Pike County Central High School (PCCHS) is a public high school located in Pikeville, Kentucky, United States.  The school mascot is a hawk. The school motto is "Soaring To Greatness". PCCHS serves around 700 students in 9th to 12th grade. It is located just minutes from the downtown Pikeville area. It features vocational schools and GED programs in addition to its regular courses.

History 
Pike County Central High School is the result of a consolidation, which brought together the former Johns Creek High School and Mullins High School in 1993.

The current principal, Dr. Timothy Cline, is the fifth in school history, and the first PCCHS alumnus to hold the office.  In the 2021–2022 academic school year, Dr. Cline replaced Taylor who took over for David Rowe who took over for Eddie McCoy after he took over for Roger Johnson, who vacated the job to take a position within the Pike County Board of Education. Johnson was the PCCHS principal since the inaugural school year of 1993.

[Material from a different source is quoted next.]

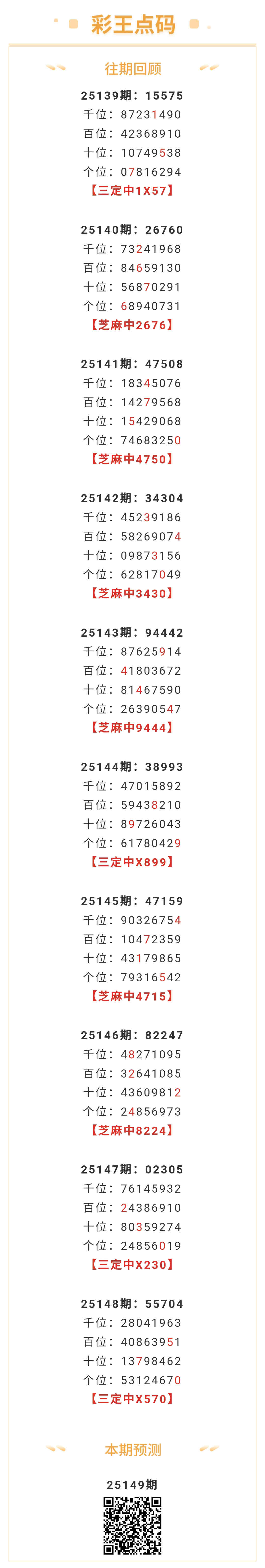 【排列五-25149期】本月圈中4次芝麻,芝麻近10中6;上期三定中X570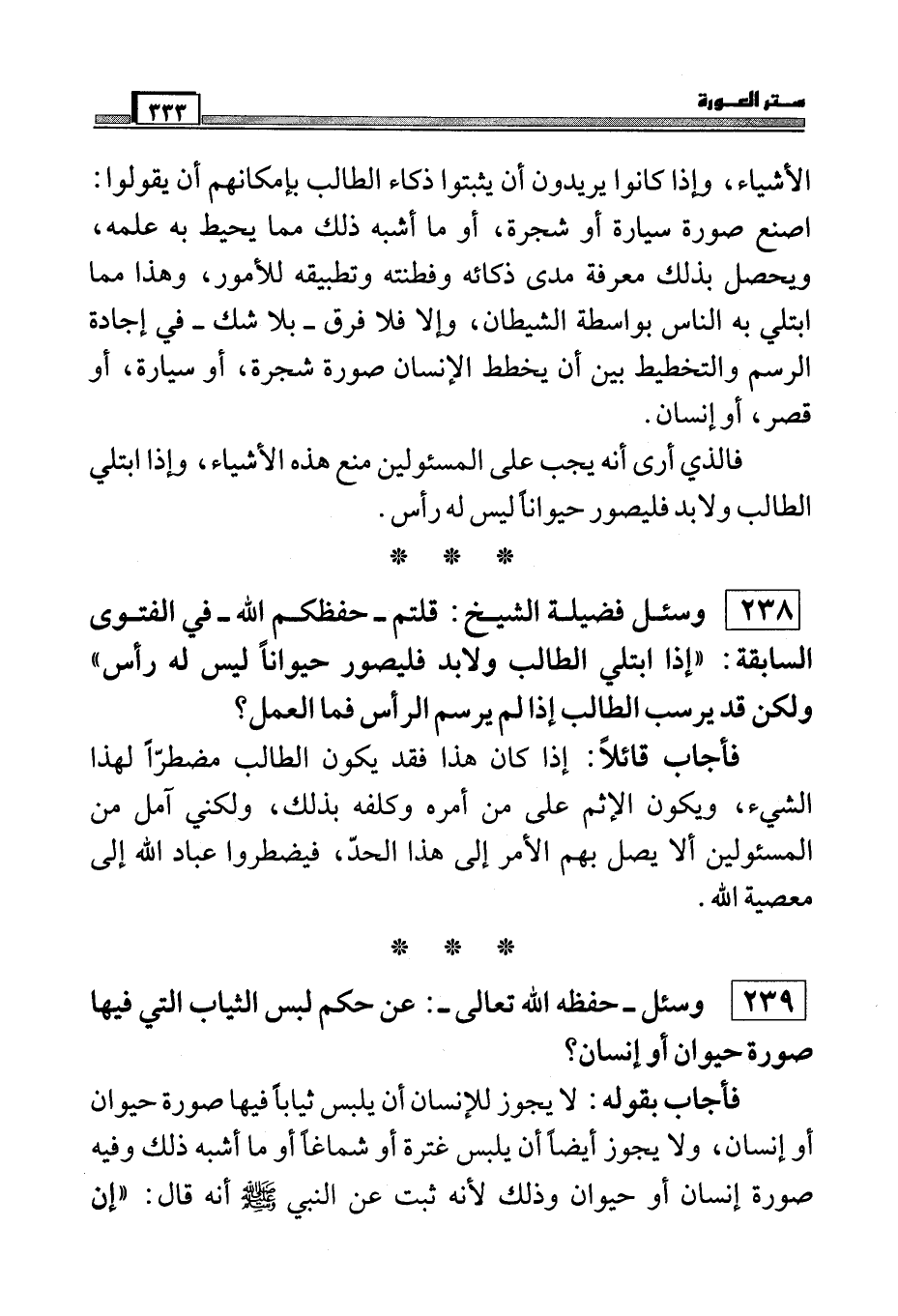 238 وسئل فضيلة الشيخ: قلتم - حفظكم الله - في الفتوى السابقة: ((إذا ابتلي الطالب ولابد فليصور حيواناً ليس له رأس)) ولكن قد يرسم الطالب إذا لم يرسب الرأس فما العمل؟

Also in recent staff changes, the whole men's basketball coaching staff was renovated as Eric Ratliff became the new head coach.

In 2007 Pike County central's high school soccer team won the 32nd district.

Also, in 2007, the school's Wingspan journalism staff were the Kentucky High School Journalism Association's state champions. The Wingspan is sponsored by teacher Angela Lockhart.

The school's CATS test scores were impressive as well, as they placed first in their district, first in their region, and 28th in the state of Kentucky.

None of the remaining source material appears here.